As I read that message about the anniversary, I remembered Mustapha, fondly called Musty by his mother, who was killed by a bullet to the thigh. I remembered Adamu, who was burned to death and buried with neither of his parents present. I remembered Mohammed, who survived a bullet to the neck and who, to this day, has not recovered from the trauma.

Besides the Wikipedia entry about the massacre, I realised that my reportage on the tragedy years after it occurred remains the only extensive source of information about what happened, how it happened, and what the aftermath was. I know because during my research phase before I went to the field, I tried to lay my hands on any reports about it. Besides very brief and often inaccurate news reports, I found nothing. I also know because all the people I spoke to on the field said they were speaking to the media for the first time.

I googled ‘Buni Yadi Massacre’, and my reports poured out right after the Wikipedia entry. The realisation that I had been privileged to document those stories hit me in a way that nearly moved me to tears. Because it is a privilege. I got off the treadmill and sat somewhere. As I scrolled through the reports again, the word privilege kept echoing over and over in my mind. The lack of tangible impact does not equal unimportance. To be able to help thousands of people remember, to articulate the lives and circumstances of victims of war who have no other means of being remembered, is a privilege.

I know from current experience how possible it is to look away, to choose to walk away in an attempt to care for oneself.

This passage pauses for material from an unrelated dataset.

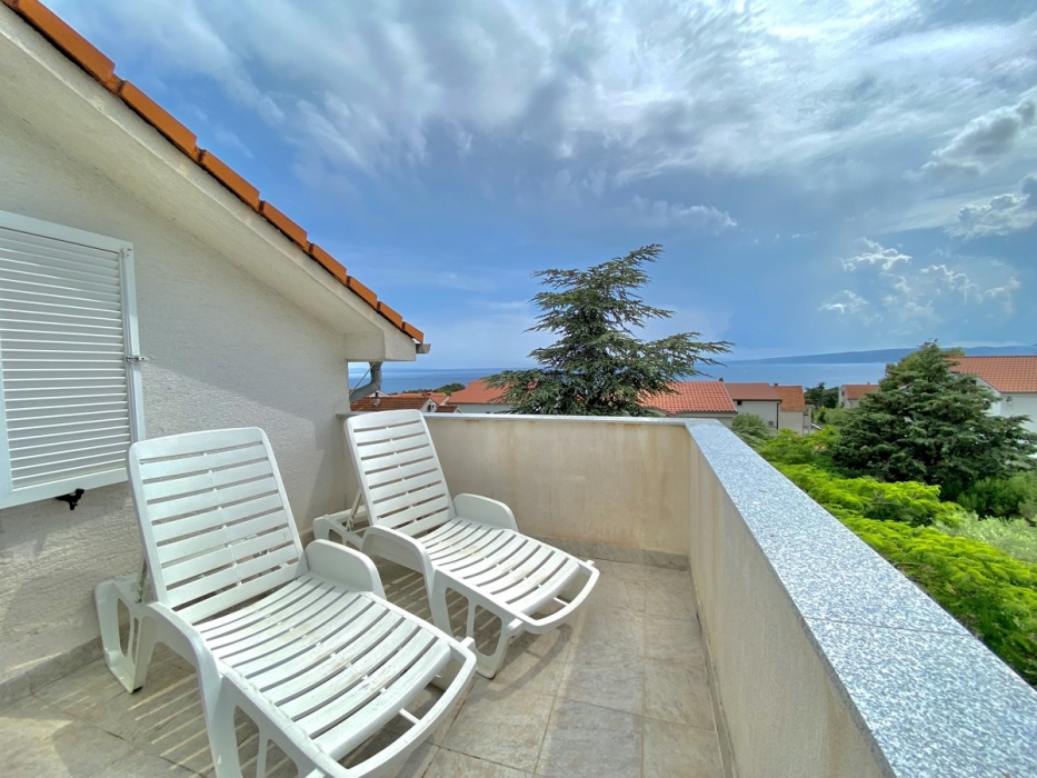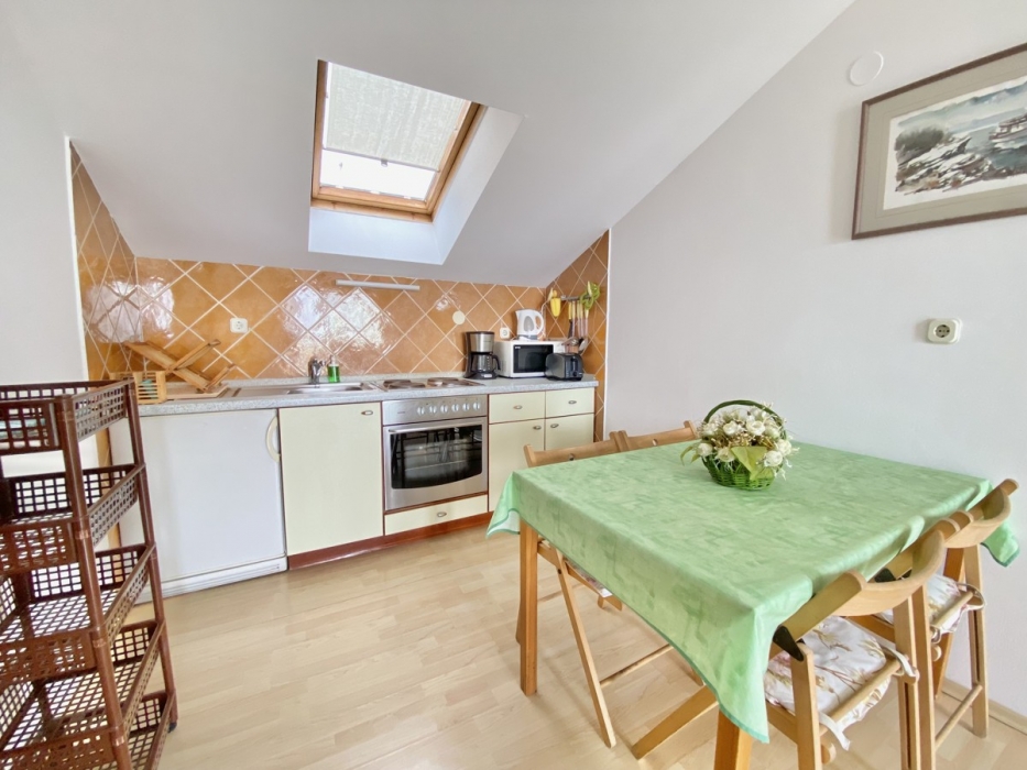 Apartment nr. 2 is located on the second floor, attic and it can accommodate 4 persons in 2 bedrooms. There is a possibility for situating 1 person in living room at sofa bed that opens out into a bed of size 130cm x 190cm.The kitchen is fully equipped with all necessary kitchen appliances. The bathroom is complete with standard appliance and includes a shower, bidet and washing machine. Guests have at their disposal 2 terraces with a sea view equipped with table, chairs and deck chairs. Smoking is allowed only outside the apartment, on the terrace/balcony.

I also knew how difficult and arduous the task was to unearth victims of something as devastating as the Buni Yadi massacre and to sit with them and have them trust me with their grief.

the field in Maiduguri, northeastern Nigeria

 

The Enduring Importance of Conflict Journalism

My work, the work of all conflict reporters, is not only of history but of devotion. It is as important as air is to the lungs. Because a society that cannot remember its tragedies, that does not have a reliable way of doing so, is not one worth living in. Because of conflict reporting, there will never be a shortage of information and resources on what’s going on in Gaza, or how the Boko Haram insurgency in Africa has destroyed lives, familial bonds, and property.

Conflict reporting makes it impossible for societies to feign ignorance of the violence done to them.

 

 

The views expressed in this article are the author’s own and do not necessarily reflect Al Jazeera Journalism Review’s editorial stance.